Class SequenceManipulation

java.lang.Object
ubic.gemma.core.analysis.sequence.SequenceManipulation

public class SequenceManipulation extends Object
Convenient methods for manipulating BioSequences and PhysicalLocations
Author:
pavlidis
  • Constructor Details

    • SequenceManipulation

      public SequenceManipulation()
  • Method Details

    • blatFormatChromosomeName

      public static String blatFormatChromosomeName(String chromosome)
      Puts "chr" prefix on the chromosome name, if need be.
      Parameters:
      chromosome - chromosome
      Returns:
      formatted name
    • stripPolyAorT

      public static String stripPolyAorT(String sequence, int thresholdLength)
      Remove a 3' polyA or 5' polyT tail. The entire tail is removed.
      Parameters:
      sequence - sequence
      thresholdLength - to trigger removal.
      Returns:
      processed sequence
    • blatLocationsToIntArray

      public static int[] blatLocationsToIntArray(String blatLocations)
      Convert a psl-formatted list (comma-delimited) to an int[].
      Parameters:
      blatLocations - locations
      Returns:
      locations
    • collapse

      public static BioSequence collapse(Collection<Reporter> sequences)
      Convert a CompositeSequence's immobilizedCharacteristics into a single sequence, using a simple merge-join strategy.
      Parameters:
      sequences - sequences
      Returns:
      BioSequence.
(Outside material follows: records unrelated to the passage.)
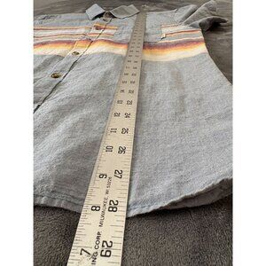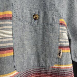 Vans Men's Short Sleeve Striped Button-Up Shirt M Blue Linen Blend Skater Skate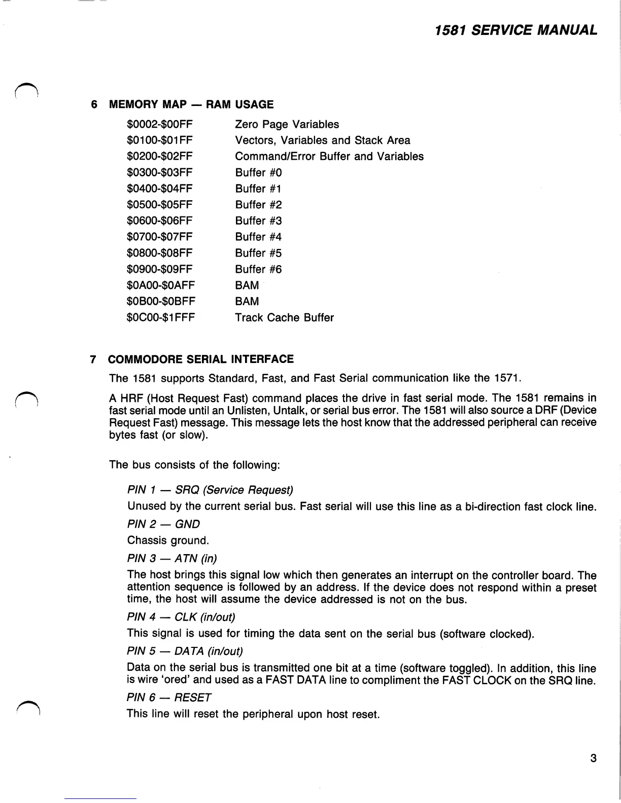 Commodore Computers 1581 - RAM Usage Map; Serial Interface Communication
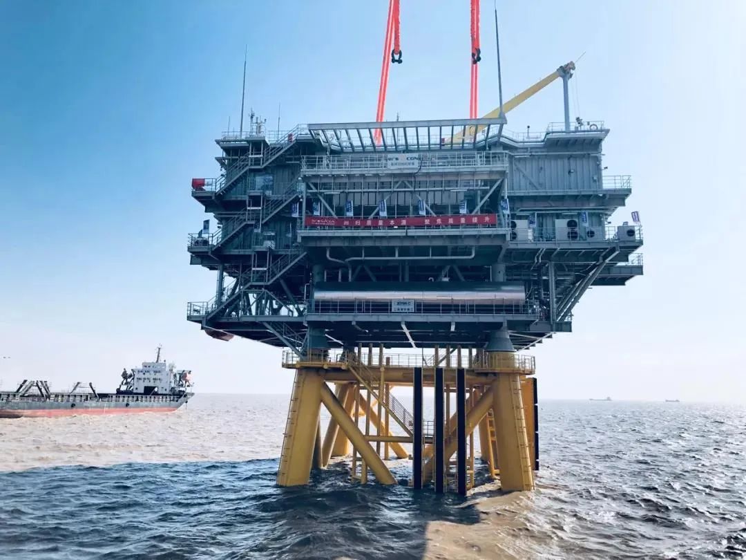振華重工負(fù)責(zé)海上升壓站上部組塊的建造、運(yùn)輸工程。4月16日,該項(xiàng)目完成海上機(jī)組吊裝。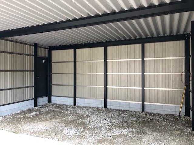 知多市シェルポート2台用ガレージ仕様(ガルバリウム鋼板囲い)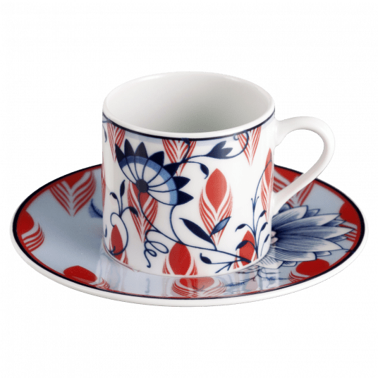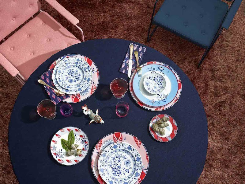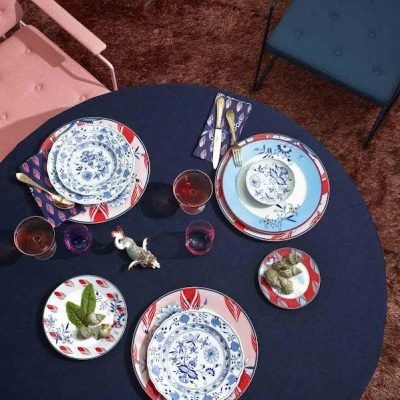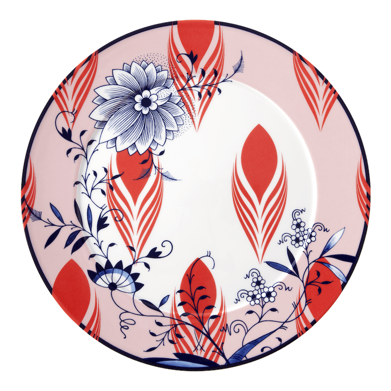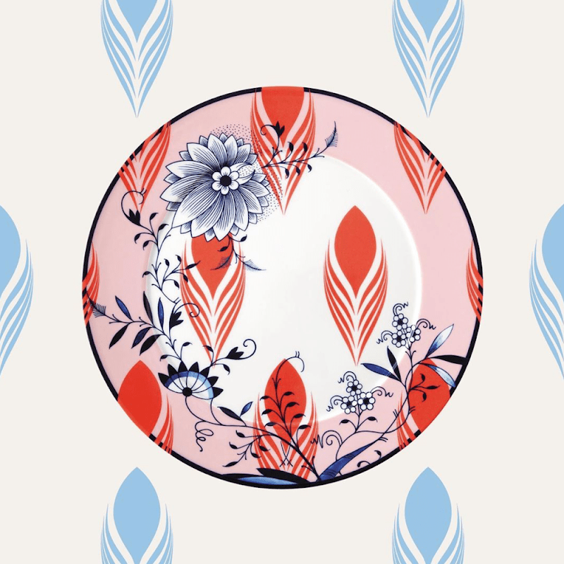 Collage Bloomy Feathers is a set of Porcelain where you will find old motifs from the Meissen archives complemented by grafic elements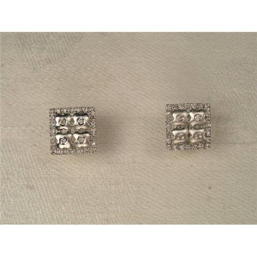 You are looking at a pair of estate 14K white gold square earrings with diamonds. Each earring features 4 brilliant round diamonds each measuring 1 mm in diameter in a beautiful flower design, surrounded by 24 round diamonds measuring a bit under 1 mm in diameter each. The total weight of the diamonds is .75 of a carat. Each earring measures 1/2 of inch long by 1/2 of an inch wide. The weight of the pair is 6 grams. They have french clip backs. They are in mint condition.
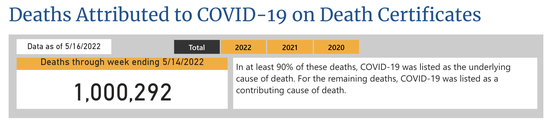 当地时间5月16日,美国疾控中心(CDC)正式宣布,美国因为COVID-19死亡人数已经超过100万人。其中,至少90%的死亡病例中,COVID-19是主要原因。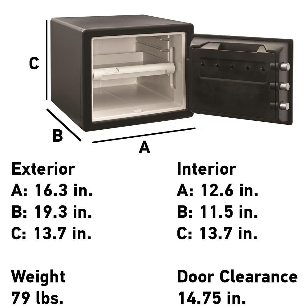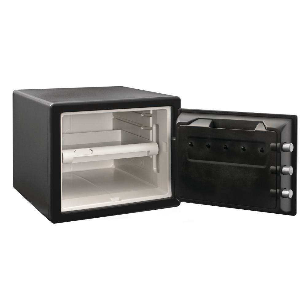 The SFW082DTB Fireproof Safe and Waterproof Safe provides powerful protection in a size convenient for any home or small business office. Additionally, the dial combination lock and secondary locking key provides added security. This safe combines features like large, 1-inch bolts and a pry-resistant hinge bar with third party Verified protection from fire and flood. With an adjustable tray, you can organize your documents and valuables to best fit your needs.

Not all fields are filled in and must be set by the caller.
    • deBlatFormatChromosomeName

      public static String deBlatFormatChromosomeName(String chromosome)
      Removes "chr" prefix from the chromosome name, if it is there.
      Parameters:
      chromosome - chromosome
      Returns:
      formatted name
    • findCenter

      public static int findCenter(String starts, String sizes)
      Find where the center of a query location is in a gene. This is defined as the location of the center base of the query sequence relative to the 3' end of the gene.
      Parameters:
      starts - starts
      sizes - sizes
      Returns:
      center
    • getGeneExonOverlaps

      public static int getGeneExonOverlaps(String chromosome, String starts, String sizes, String strand, Gene gene)
      Given a gene, find out how much of it overlaps with exons provided as starts and sizes. This could involve more than one exon.
      Parameters:
      chromosome - , as "chrX" or "X".
      starts - of the locations we are testing.
      sizes - of the locations we are testing.
      strand - to consider. If null, strand is ignored.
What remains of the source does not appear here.